◆ **The data**:

━━━━━━━━━━

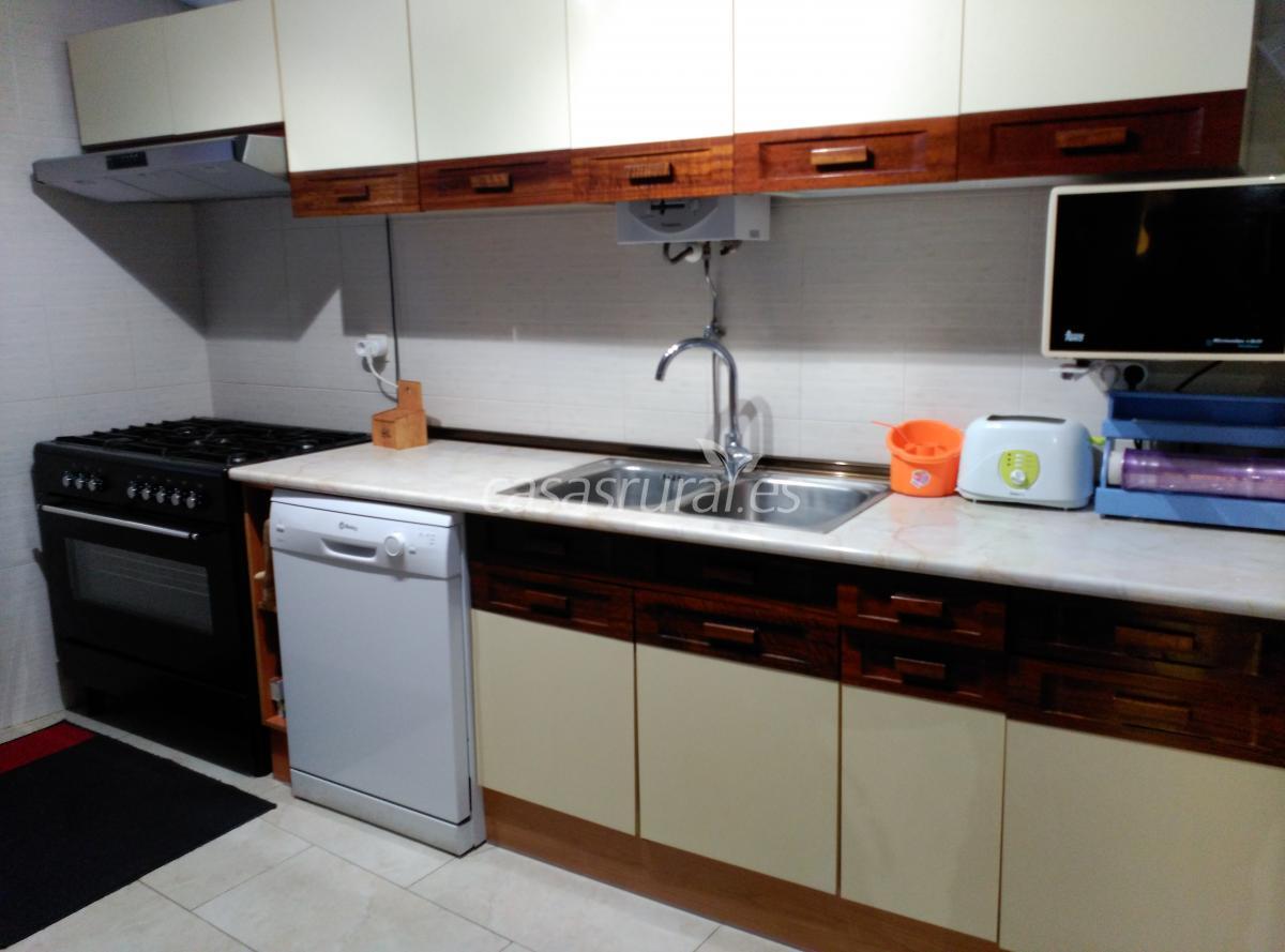 En la planta baja está el salón, comedor, aseo , cocina ( nevera, lavadora, microondas, tostadora, batidora...)y cocina de matanza con chimenea y leña gratis.
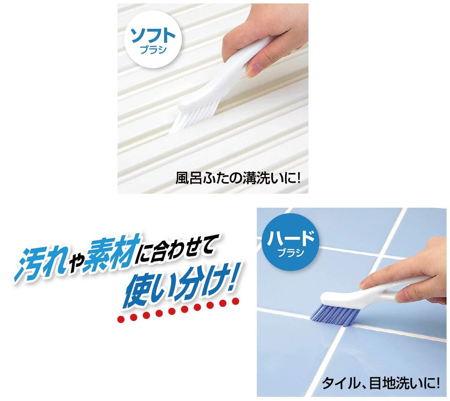 用途:ハードブラシ=浴室のタイル、目地洗いに。 ソフトブラシ=フロフタの溝洗いなどに。
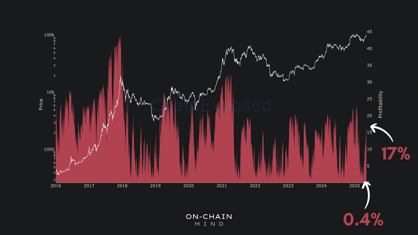This stability is crucial for building a solid foundation for long-term growth. During the last market correction, short-term holder profitability plummeted to just 0.4%, meaning fewer than 1% of recent buyers were in profit. This significant downturn signaled the emotional shakeout of many speculators. However, as of now, the profitability of short-term holders has bounced back to about 17%. While still early in the recovery phase, this return to profitability creates a healthy market environment for Bitcoin, without venturing into euphoric territory.
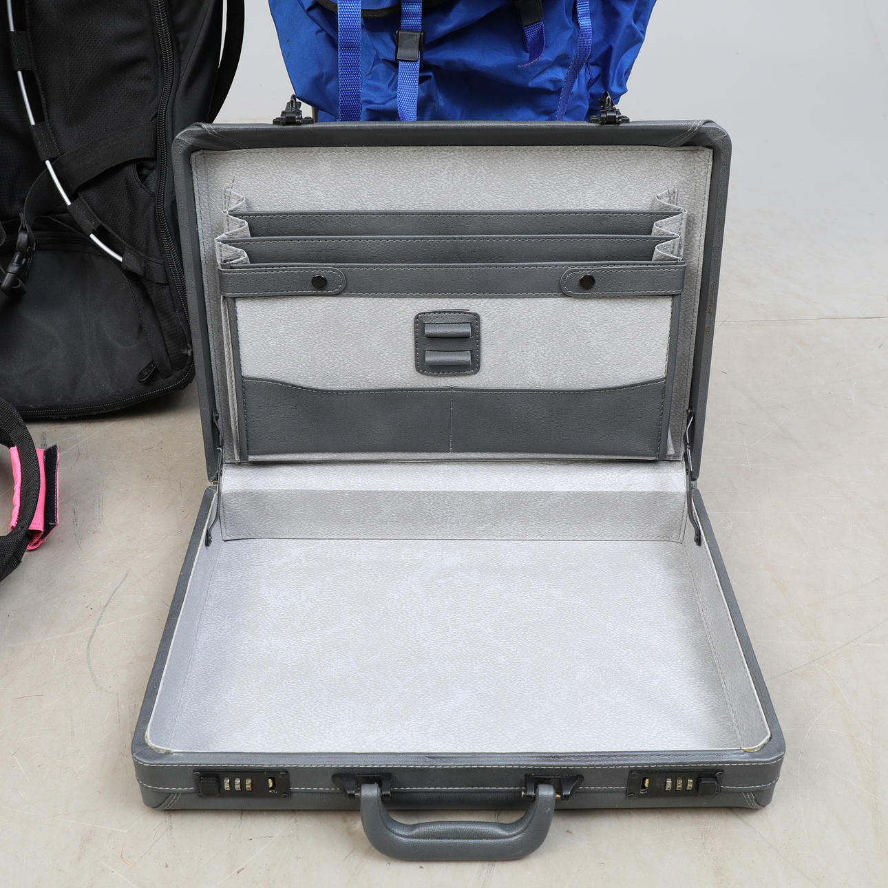 Attachéväska med kodlås, höjd ca 33 cm, längd ca 44 cm, djup ca 9 cm.
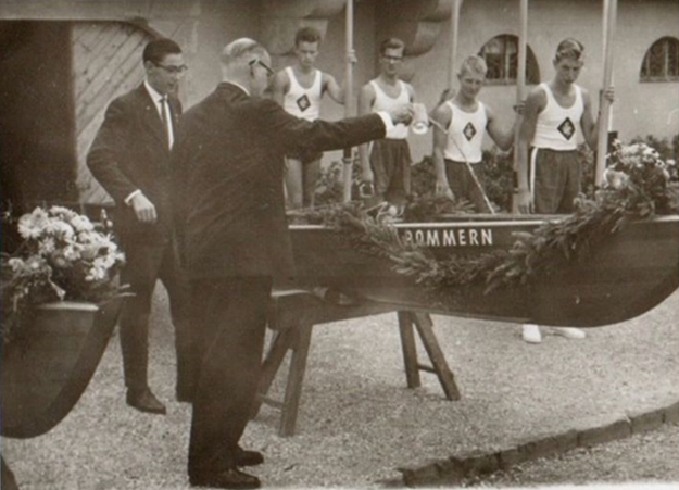 Fritz von Below 1959 bei der Taufe der „Pommern“ als Vorsitzender des SRC (links, im Anzug!) vor dem Bootshaus des ATV Gothia-Suevia, in dem der SRC untergebracht war. Später hatte der SRC ein eigenes Bootshaus in der Gronau, neben dem GRC, das die Stadt Bonn dann mit allen Sportstätten für den Bau des Langen Eugen an den Bund verkauft hat.
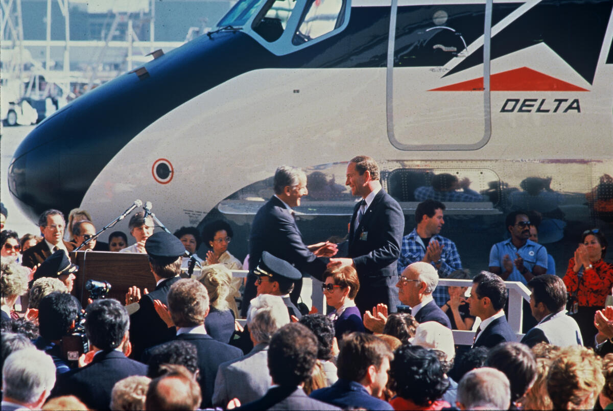 Former CEO Jerry Grinstein made his first impression on Delta when, as the CEO of Western Airlines, he led the merger of the two airlines in 1987 and was immediately appointed to Delta’s Board of Directors. With 44 cities added to the system, the merger made Delta the fourth-largest airline in the United States and the fifth-largest in the world at the time.
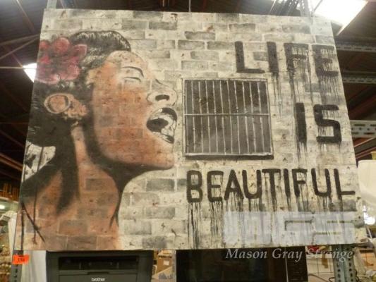 OIL ON STEEL, REPRODUCTION PAINTING, LIFE IS BEAUTIFUL 100 x 130cm
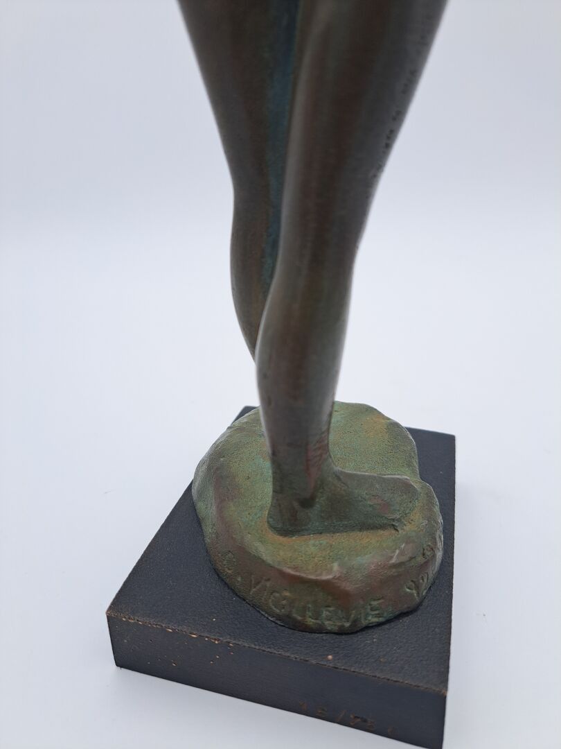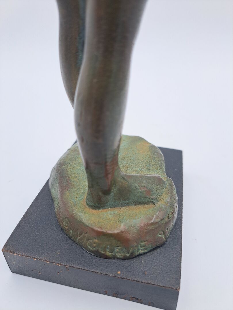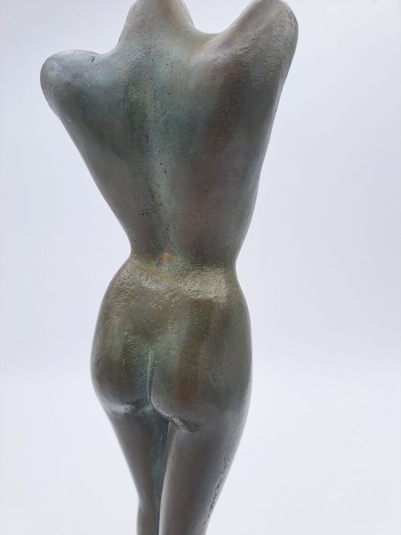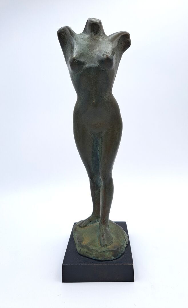 Gérard VIEILLEVIE (1939-1992), "Femme nue acéphale", bronze with a verdigris patina, signed and dated 92 on the terrace, height: 25 cm without the base, numbered 15 / 750 on the base.
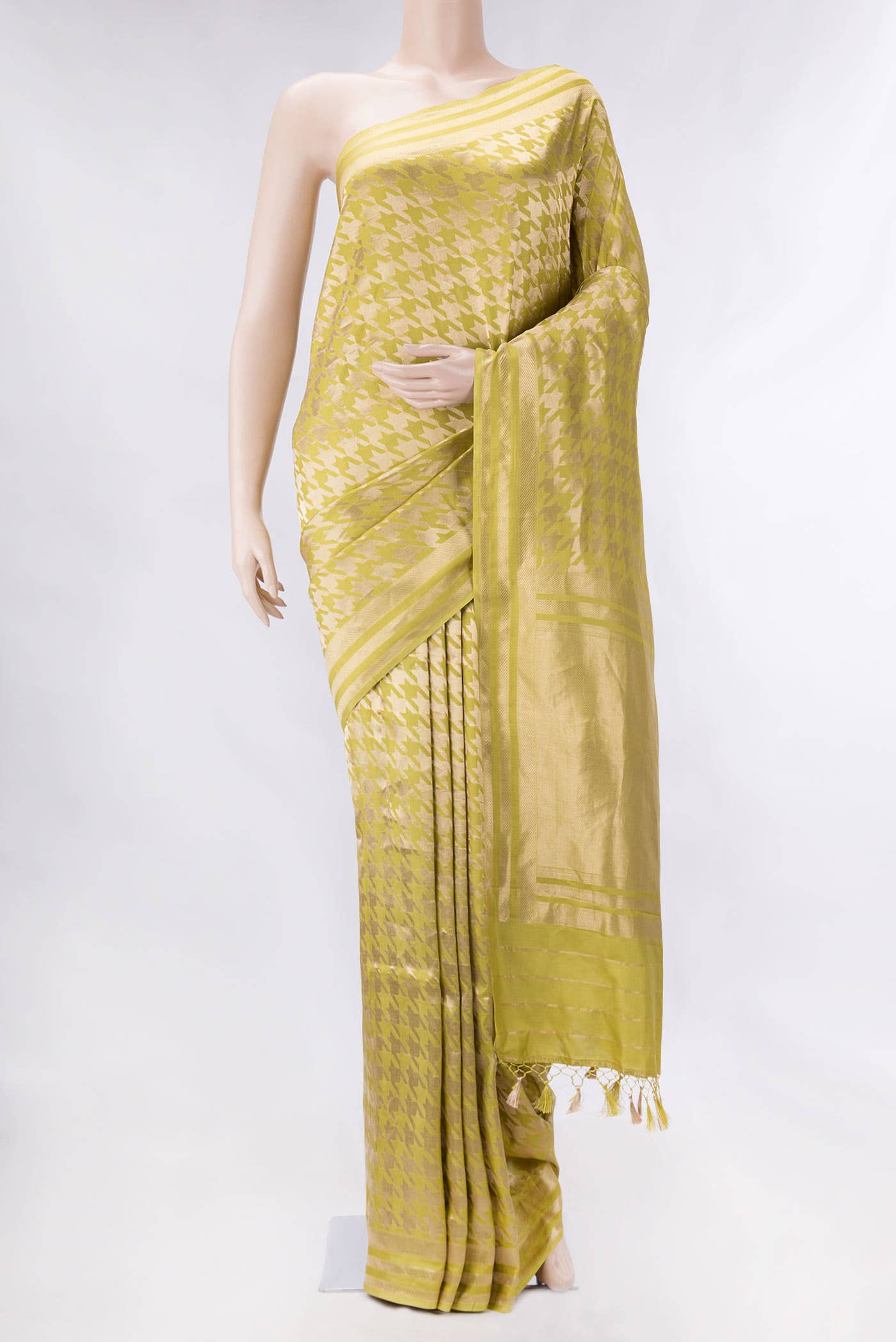 Mehandi Green Dual Tone Banarasi Silk Saree with Zari Brocade on the body and Zari Border.
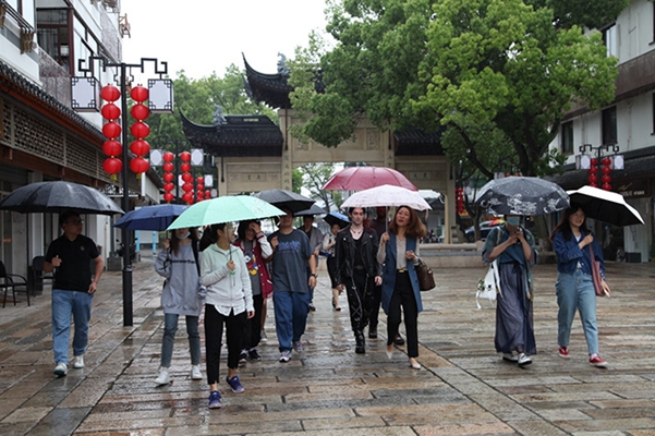 A student from Argentina said the visit to the Qingxi Old Street in Qingcun town gave her a new understanding of rural construction in Shanghai. The old street has retained its historic design while integrating modern art following the renovation and is now a scenic spot worth visiting.
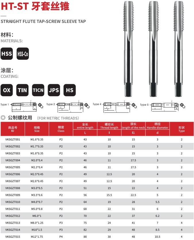 CH Factory Custom HSSE M1-M12 ST Straight Flute Taps
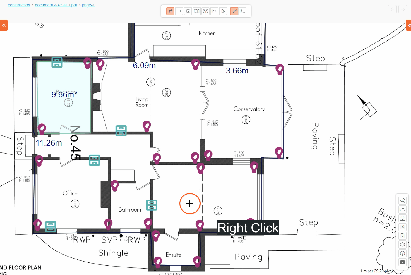 - On the plan, right-click on the specific element of the measurement you want to hide. This will open a context menu.
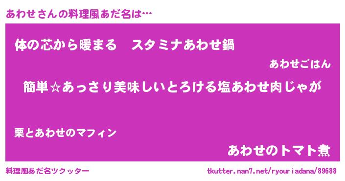 | ヒーロー風カッコイイあだ名 | 『ネオアワセ』『ウルトラあわせマン』 |
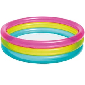 A piscina infantil Arco Iris possui um design tricolor, com 3 anéis transparentes nas cores rosa, amarelo e azul, para o seu bebê desfrutar de um banho exclusivo e refrescante em total segurança enquanto brinca na água.
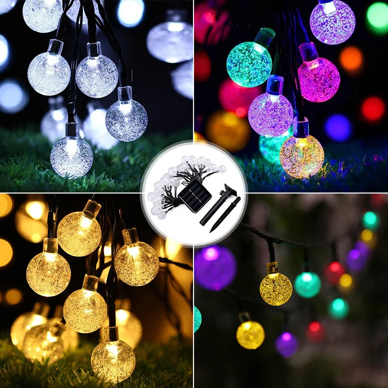 Новый 50 светодиодный 10 м солнечный светильник хрустальный шар светодиодный струнные светильники, лампа с солнечной батареей Мощный светодиодный гирлянда сказочные огни Сад Рождественский Декор Прямая поставка

━━━━━━━━━━

◆ **Exercise objective**:
Your answer should be the lines from the first record down to the line containing "Mehandi Green Dual", restated exactly, with no pictures.

◆ **Solution to this task**:
 En la planta baja está el salón, comedor, aseo , cocina ( nevera, lavadora, microondas, tostadora, batidora...)y cocina de matanza con chimenea y leña gratis.
 用途:ハードブラシ=浴室のタイル、目地洗いに。 ソフトブラシ=フロフタの溝洗いなどに。
This stability is crucial for building a solid foundation for long-term growth. During the last market correction, short-term holder profitability plummeted to just 0.4%, meaning fewer than 1% of recent buyers were in profit. This significant downturn signaled the emotional shakeout of many speculators. However, as of now, the profitability of short-term holders has bounced back to about 17%. While still early in the recovery phase, this return to profitability creates a healthy market environment for Bitcoin, without venturing into euphoric territory.
 Attachéväska med kodlås, höjd ca 33 cm, längd ca 44 cm, djup ca 9 cm.
 Fritz von Below 1959 bei der Taufe der „Pommern“ als Vorsitzender des SRC (links, im Anzug!) vor dem Bootshaus des ATV Gothia-Suevia, in dem der SRC untergebracht war. Später hatte der SRC ein eigenes Bootshaus in der Gronau, neben dem GRC, das die Stadt Bonn dann mit allen Sportstätten für den Bau des Langen Eugen an den Bund verkauft hat.
 Former CEO Jerry Grinstein made his first impression on Delta when, as the CEO of Western Airlines, he led the merger of the two airlines in 1987 and was immediately appointed to Delta’s Board of Directors. With 44 cities added to the system, the merger made Delta the fourth-largest airline in the United States and the fifth-largest in the world at the time.
 OIL ON STEEL, REPRODUCTION PAINTING, LIFE IS BEAUTIFUL 100 x 130cm
 Gérard VIEILLEVIE (1939-1992), "Femme nue acéphale", bronze with a verdigris patina, signed and dated 92 on the terrace, height: 25 cm without the base, numbered 15 / 750 on the base.
 Mehandi Green Dual Tone Banarasi Silk Saree with Zari Brocade on the body and Zari Border.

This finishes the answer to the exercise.